Diversity; it’s fast become the ubiquitous buzzword never far from mind or tongue in the modern workplace. Whether you work in advertising, HR or any industry in between, there are few disciplines which have not altered their working practises in their efforts to embrace the age of inclusivity we find ourselves living in.
As a word that gets bandied about so much, the meaning of diversity can easily be lost. A useful starting point for our purposes, therefore, is understanding just want it means in mainstream advertising. Simply speaking, it’s creating an advertising campaign mindfully, to respectfully include and relate to the complex individuals who make up the target audience.
Simple right? If only. As the population becomes increasingly media and communications savvy, achieving a connection with an audience to create an authentic feeling of inclusivity is increasingly difficult to manage.
Despite the challenge that achieving diversity presents in advertising, there is no denying how crucial it is; indeed, an easy way to gauge the importance of diversity is to observe the repercussions when brands get it wrong.
It was impossible to ignore the uproar that surrounded PepsiCo’s 2017 ad, featuring Kendall Jenner presenting a police officer with a can of the famous soft drink. Many argued that the ad trivialised important social justice movements, most significantly Black Lives Matter, and the resulting protests and social media outrage caused PepsiCo to pull the advertisement entirely and issue an apology.

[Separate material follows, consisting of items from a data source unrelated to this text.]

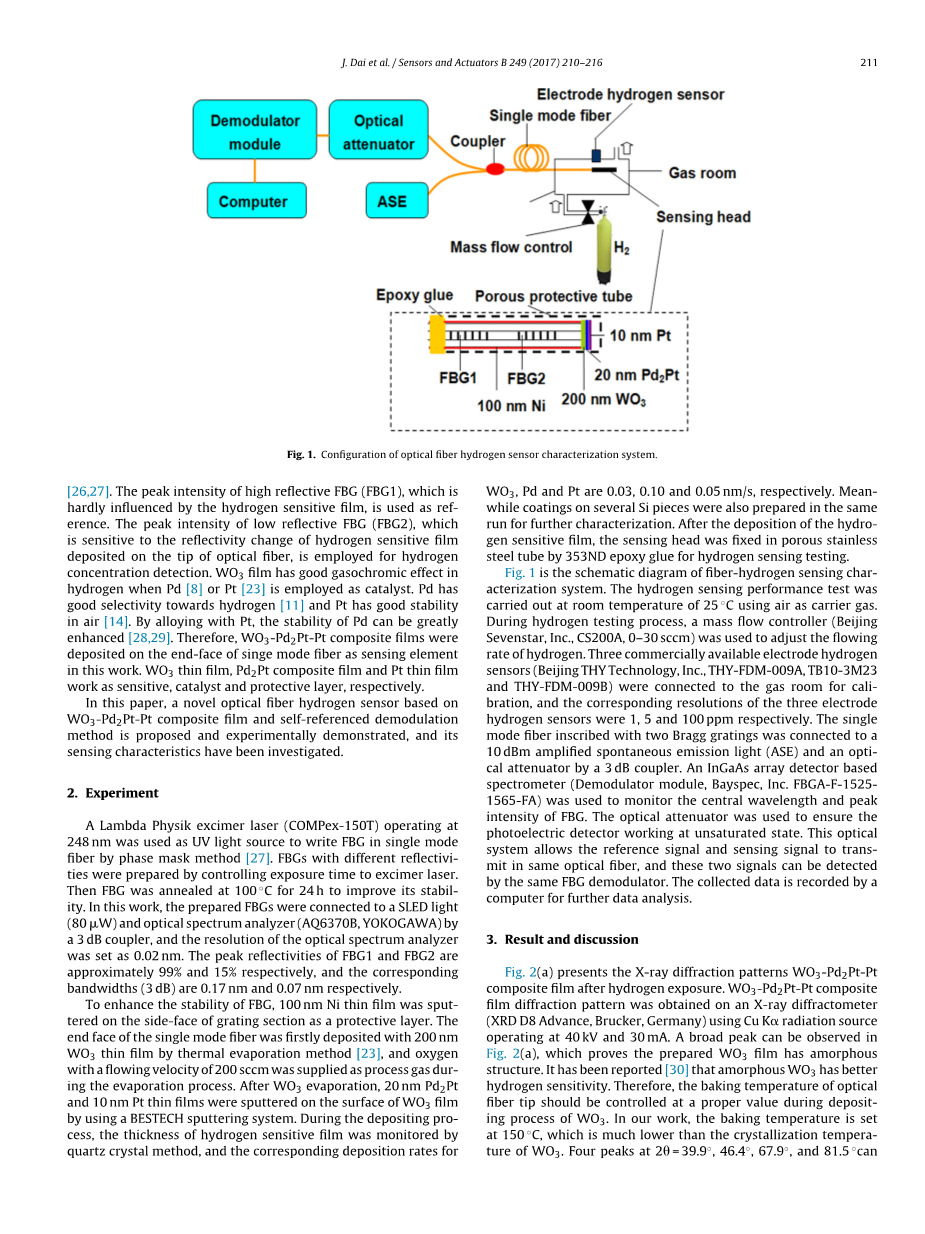 为了提升FBG的稳定性,将100nm的Ni薄膜溅射到光栅断面侧面作为保护层。首先用热蒸汽法在单模光纤的端面镀上WO3薄膜,在蒸发过程中供应流速为200sccm的氧气作为生产气体。在WO3蒸发后20nm的Pd2Pt和10nm的Pt薄膜通过使用BESTECH溅射系统溅射到WO3镀膜表面。在这堆积的过程中,氢敏薄膜的厚度用石英晶体法来监控,WO3、Pd和Pt的相应沉积速率分别为0.03,0.10and0.05nm/s。同时,在相同的运行过程中还制备了几个Si片上的涂层以进行进一步表征。在氢敏感膜沉积后,传感探头用第353ND氧树脂胶固定在多孔不锈钢管内进行氢敏检测。
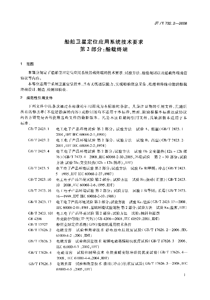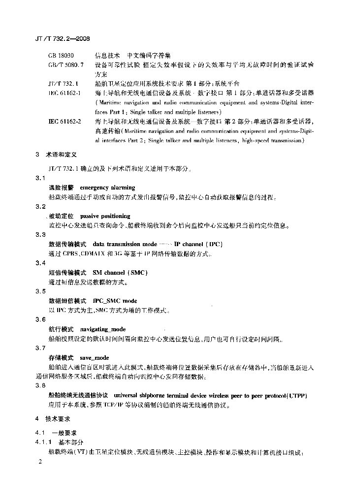 JT/T 732.2-2008 船舶卫星定位应用系统技术要求 第2部分:船载终端
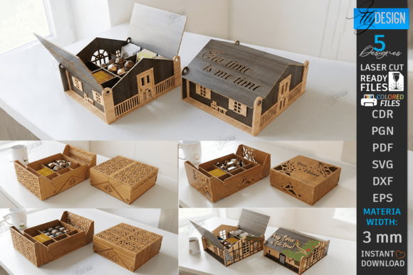 El diseño interior permite separar sobres de té, infusiones, chocolates o pequeños accesorios, mientras que la tapa grabada —con frases delicadas y patrones geométricos o florales— convierte la pieza en un objeto ideal para regalar o vender como producto terminado.
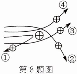8. 1911年英国科学家卢瑟福进行了著名的α粒子轰击金属箔实验。当α粒子轰击金属箔时,如图所示的运动轨迹全部错误的是( )
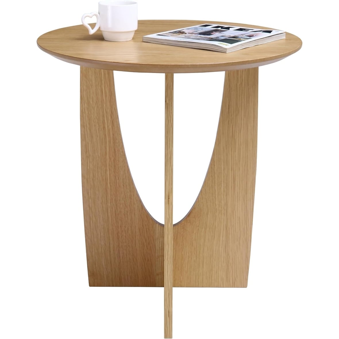 Round End Table, Small Modern Wood Coffee Table for Living Room or Bedroom
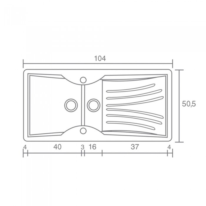 Συνθετικός Νεροχύτης με 2 γούρνες (μεγάλη γούρνα 40cm και μικρή γούρνα 16cm) και 1 ποδιά αποστράγγισης
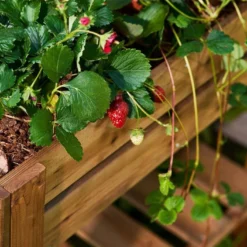Ce carré potager en bois Ekju dispose d’un plancher et d’une étagère, les planches mesurent 92 mm de largeur et 14 mm d’épaisseur. Le bac potager possède une contenance de 98 L et mesure 70 x 70 x 20 cm. Il est livré avec son géotextile.
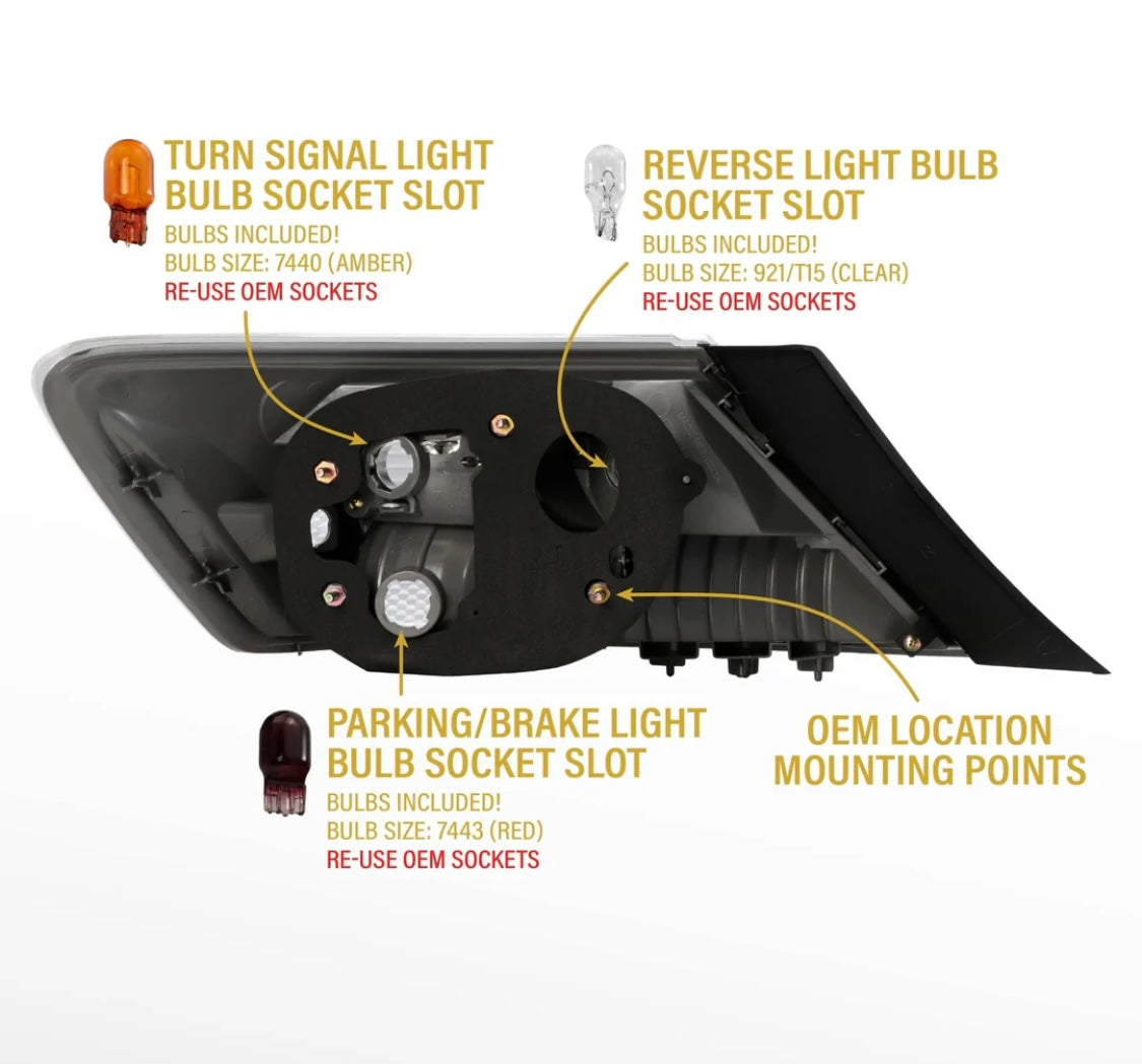 • Bulb Specifications: Red 7443 Parking/Brake Light, Clear 921/T15 Reverse Light, Turn Signal Light

Protein World's infamous "Beach Body Ready" ad, which depicted a woman in a bikini with the question ‘Are you beach body ready?’ also received swift public backlash, with an online petition calling for the ad to be banned gathering 60,000 signatures. So deep-seated was the outrage, that some even defaced the ads in situ, adding footnotes such as "Each body's ready" and "You are fine as you are."
Indeed, the ad gained such notoriety, that 3 years later, plus-size fashion brand Navabi created an OOH campaign which parodied the original, encouraging woman of all size to love their bodies, just as they are.
The above represents only two examples of advertising’s sometimes insensitive handling of minority groups and oversight regarding the diverse audiences they are hoping to address. There have also been many other instances of mis-representation and stereotyping, for example gay men being depicted as effete and camp, playing side-show roles to the central straight characters.
Hearteningly, as time goes on, many more brands are managing to find ways to resonate with the full breadth of their target audiences, including minority groups.
In 2016, Lloyd’s Bank featured a same sex proposal, overlaid with the message ‘he said yes’. This scene was set amidst various other natural, everyday moments including a new mother, a man dropping his daughter off at school, and an elderly woman attending a funeral. By placing the LGBT scene within the others in this context, it succeeds in subtly indicating that this proposal is also inherently ‘normal’ (whatever that means!)
What do businesses stand to gain when they get it right? Most immediately, recognition, but in many cases an increase in long term brand loyalty is observed. Interestingly, this brand loyalty is not just within the marginalised audiences represented in the ads, but from the population at large. Recent reports by professional LGBT network ‘OUTstanding’ claim that 14% of customers are more likely to choose products and services from companies who promote diversity, for example supporting LGBT communities within their marketing. 37% of customers report feeling ‘positive’ towards brands who are active in working with LGBT and other minority communities to support and promote them in their marketing materials.
So what measures need to be taken by advertising agencies to achieve diversity in their work? Ensuring diversity within agency teams is a crucial starting point, so that different voices are represented from the outset and throughout campaigns. Further to this, knowledge and education is essential, and agencies should be mindful when conducting market research to ensure the use of participants who reflect our ever more diverse world.
Whilst the matter of diversity can seem rife with risk, the worst thing agencies can do is shy away from addressing the topic, for fear of tokenism or mishandling. As the law rises to meet the concerns in this area, with the UK's Advertising Standards Authority vowing to take a tougher line on gender stereotypes in ads, prudent agencies will do well to work proactively with diversity in mind as standard practise.
Ardmore’s recent campaign for the Department of Education, Play Matters, sought to hit the right notes with a light-handed approach to diversity- this included the representation of a range of children including those with special learning needs and from various racial backgrounds, all enjoying the same fun and games. The ad also defied any gender stereotyping, with a young lady playing the football star who scores a winning goal against her dad.
So, what is the take-home message? Handled with sensitivity, authenticity and with positive intent, diversity and inclusivity in advertising has the ability to engage even wider audiences on a deeper level, boosting brand equity, and possibly even winning customers for life.